» WHAT TO PRODUCE
When you spot the word "over" in a line of the data below, copy that line.

» LISTED ENTRIES
• • • • •

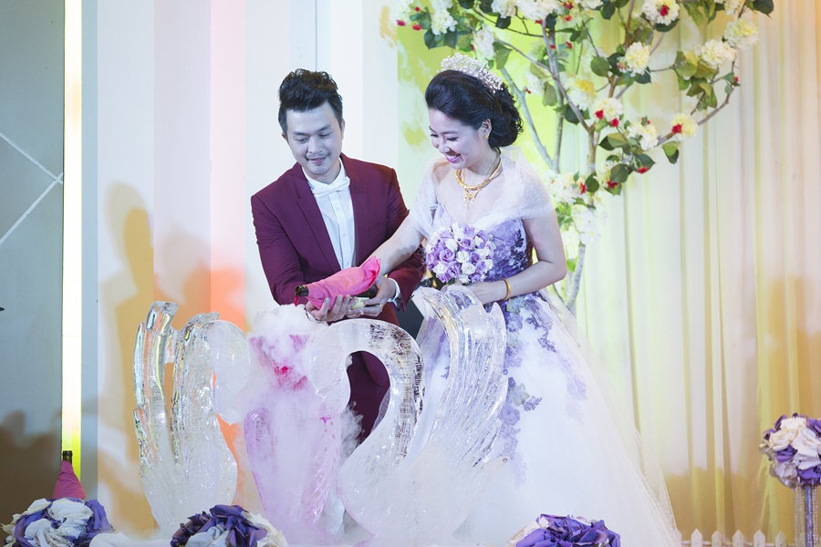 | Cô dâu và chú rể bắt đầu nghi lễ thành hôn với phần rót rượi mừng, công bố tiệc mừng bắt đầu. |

• • • • •

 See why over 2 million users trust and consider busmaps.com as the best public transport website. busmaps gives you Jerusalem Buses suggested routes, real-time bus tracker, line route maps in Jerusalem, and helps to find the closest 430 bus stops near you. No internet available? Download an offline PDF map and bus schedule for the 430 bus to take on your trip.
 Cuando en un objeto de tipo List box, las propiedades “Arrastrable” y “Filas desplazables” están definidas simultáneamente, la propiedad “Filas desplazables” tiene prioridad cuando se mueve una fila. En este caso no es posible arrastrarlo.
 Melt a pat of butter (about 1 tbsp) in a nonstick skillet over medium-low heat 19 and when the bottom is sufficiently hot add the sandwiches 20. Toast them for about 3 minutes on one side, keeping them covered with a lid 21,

• • • • •

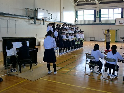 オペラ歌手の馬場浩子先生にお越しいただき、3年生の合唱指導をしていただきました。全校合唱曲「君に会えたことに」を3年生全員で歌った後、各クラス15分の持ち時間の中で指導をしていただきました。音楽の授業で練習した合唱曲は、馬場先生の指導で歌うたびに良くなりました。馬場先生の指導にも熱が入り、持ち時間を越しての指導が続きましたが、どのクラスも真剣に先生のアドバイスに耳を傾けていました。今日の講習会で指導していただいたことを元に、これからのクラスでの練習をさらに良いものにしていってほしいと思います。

• • • • •

» TASK OUTPUT
 See why over 2 million users trust and consider busmaps.com as the best public transport website. busmaps gives you Jerusalem Buses suggested routes, real-time bus tracker, line route maps in Jerusalem, and helps to find the closest 430 bus stops near you. No internet available? Download an offline PDF map and bus schedule for the 430 bus to take on your trip.
 Melt a pat of butter (about 1 tbsp) in a nonstick skillet over medium-low heat 19 and when the bottom is sufficiently hot add the sandwiches 20. Toast them for about 3 minutes on one side, keeping them covered with a lid 21,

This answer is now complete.